12/9/07

"I'm all lost in the supermarket...

...I can no longer shop happily. I came in here for that special offer. A guaranteed personality." -the Clash


I keep finding myself standing alone. In the corner. Even when I'm amongst a crowd of people I know. What's wrong with me? I'm all lost... Every conversation I walk into is one in which I cannot contribute. Every conversation I'm in, quickly turns into a similar scenario and I have to walk away. Back to the corner. ...in the supermarket. Am I responsible for creating this footing? Probably. Are people initiating discussion because they are genuinely interested in what I have to say? Or, are they hoping they can cut me off before I'm finished answering and start telling me all about themselves? I came here... Back to the corner. Stop trying to bait me. I don't want to argue. ...for that special offer. Haven't I made that perfectly clear?

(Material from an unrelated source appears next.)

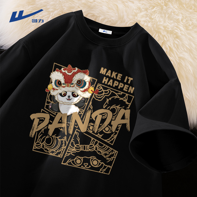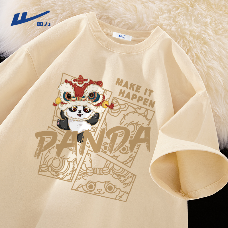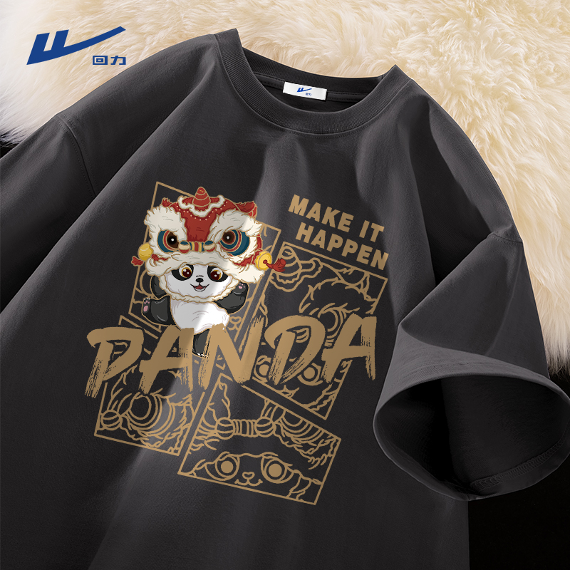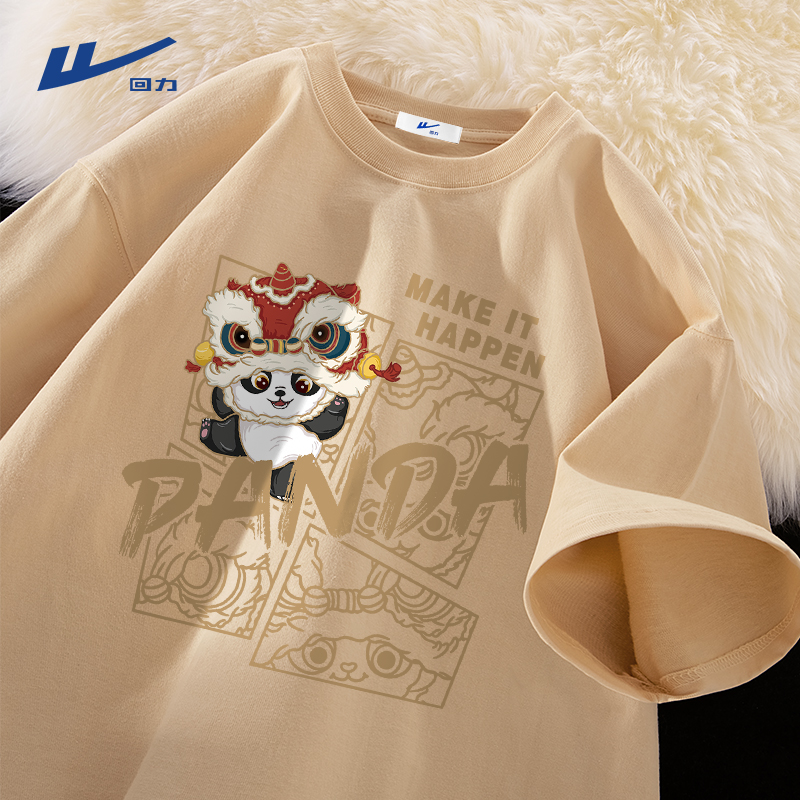 Pull Back T-Shirt Men's Loose 2025 New arrival Chinese Fad Lion Half Sleeve Summer Men Heavy weight pure cotton Short Sleeve Men a

In order to avoid pettifog, I will agree with everything you say. Then I will walk away. Back to the corner. Perhaps I'm just imagining all this? I overhear someone say "Writers and artists are naturally reclusive." Well, then I got nothin' to worry about. A guaranteed personality.

1 comment:

  1. Maybe when you're in the supermarket you should ask people, especially chicks, how the dairy in that store is. I heard that it works. Genius!